Всю неделю до приезда Филатовых я скучаю, слоняюсь по участку, обнаруживаю всякие странности в знакомых, но подзабытых вещах: столик в саду покосился и стал как будто меньше ростом; под домом ещё не поселился ёжик; вообще, всё какое-то прозрачное и нереальное.
Бабушки налаживают быт и гонят меня, чтобы не путалась под ногами. Да ещё велят забрать Андрюху и играть с ним. А во что с ним играть? Он маленький и ничего не читал, и бегать-то как следует не умеет. Тоска.
С четверга меня охватывает зуд. Я по сто раз на дню бегаю к знакомому оранжевому забору, прикладываюсь лицом к щёлочкам и пытаюсь засечь хоть какое-то движение. Тишина. Совершенно отчаявшись, я обхожу все дачи, на которых живут мои друзья. Пусто. Тихо. Слышно, как от станции отходит электричка - это тоже звук ожидания: когда все приедут, её уже не будет слышно за нашими пиратскими воплями.
В субботу меня будит восхитительное чувство: вот, сейчас начнется! Обе бабушки, похоже, проникаются моим состоянием, правда, несколько своеобразно. Они как нарочно стараются меня как можно больше нагрузить. “Принеси, посмотри, сбегай...” У меня голова сейчас открутится, я же должна следить за дорогой! Уши превращаются в развёрнутую Станцию Космического Слежения. Урчание подъехавшей машины действует на меня как звук боевой трубы. Я срываюсь с места в карьер, и в голове бьётся одинокая мысль: “Только бы Андрюха не увязался”.
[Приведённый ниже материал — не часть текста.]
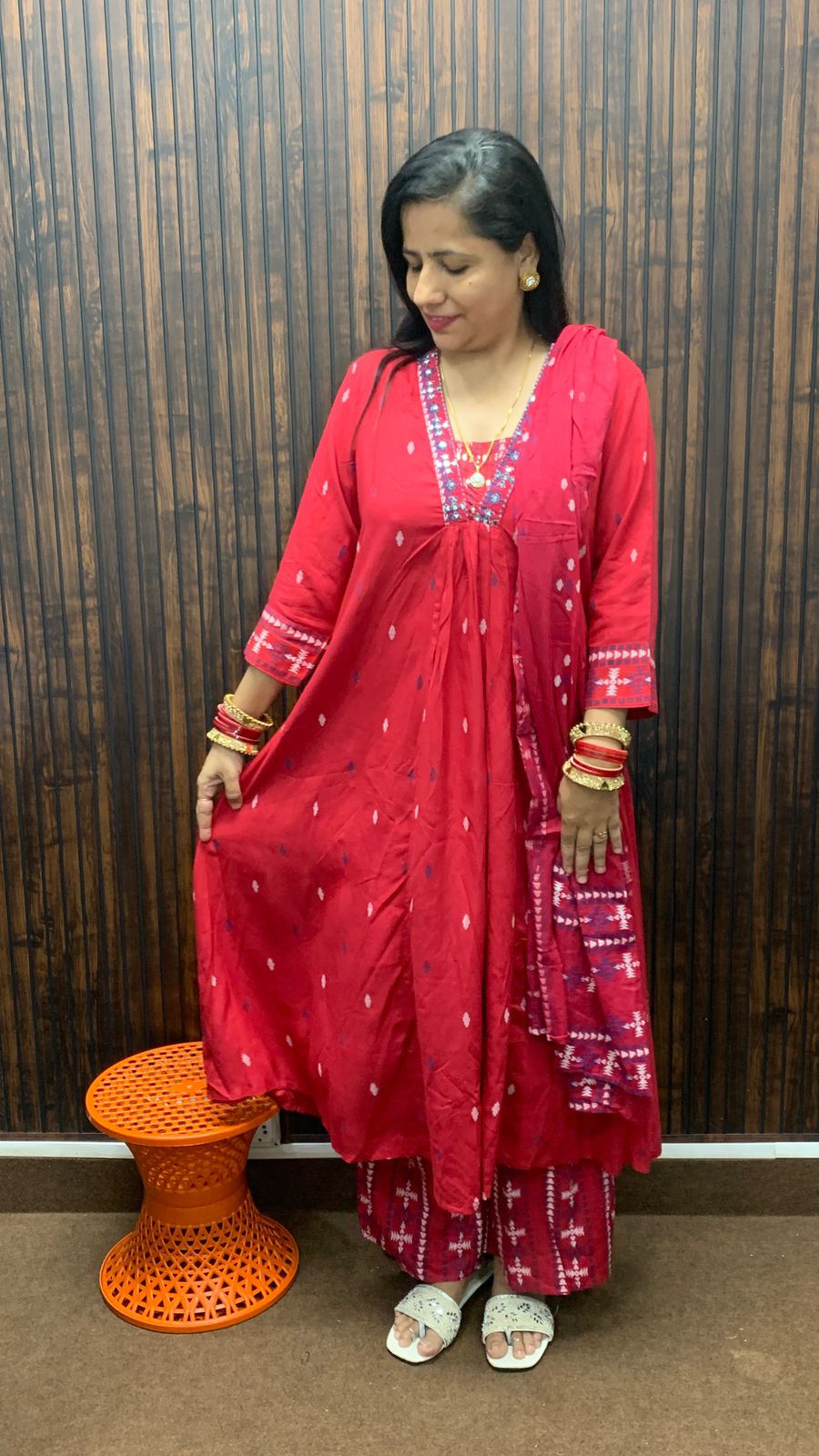Women’s Pink Printed Kurta Set with Embroidered Yoke & Dupatta

Степка уже выскочил из кузова и несётся мне навстречу. Рыжая голова (под цвет забора), одежда ещё чистая, московская, руки раскинуты. Он летит.
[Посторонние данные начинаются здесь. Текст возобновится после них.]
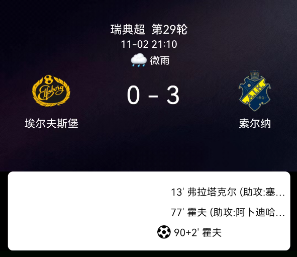 北京时间11月2日,瑞典足球超级联赛第29轮,埃尔夫斯堡主场迎战AIK索尔纳。第13分钟,塞利纳助攻弗拉塔克破门,AIK索尔纳1-0;第77分钟,阿卜迪哈金-阿里助攻约翰-霍弗破门,AIK索尔纳2-0;下半场补时第2分钟,约翰-霍弗罚入点球,AIK索尔纳3-0。最终比分,埃尔夫斯堡0-3AIK索尔纳。

Мы сшибаемся на полпути и тут же отскакиваем. Мы вообще не любим эти телячьи нежности, для этого существуют младшие братья. Мы суровы и сдержаны, как и полагается настоящим воинам, индейцам, всадникам, или кем -мы -ещё -там- будем этим летом.
Одной секунды вполне достаточно, чтобы убедиться: ничего не изменилось. Не было этой гнусной московской зимы, с этим кошмарным детским садом, постоянными насморками и занятиями музыкой: “Раз - и -два - и”. Ничего не было. Мы всё те же. В наших головах роятся идеи, мы легки и свободны. Мы можем начать с того самого места, на котором нас прервали безжалостные родители в конце прошлого лета - вон наш недостроенный шалаш.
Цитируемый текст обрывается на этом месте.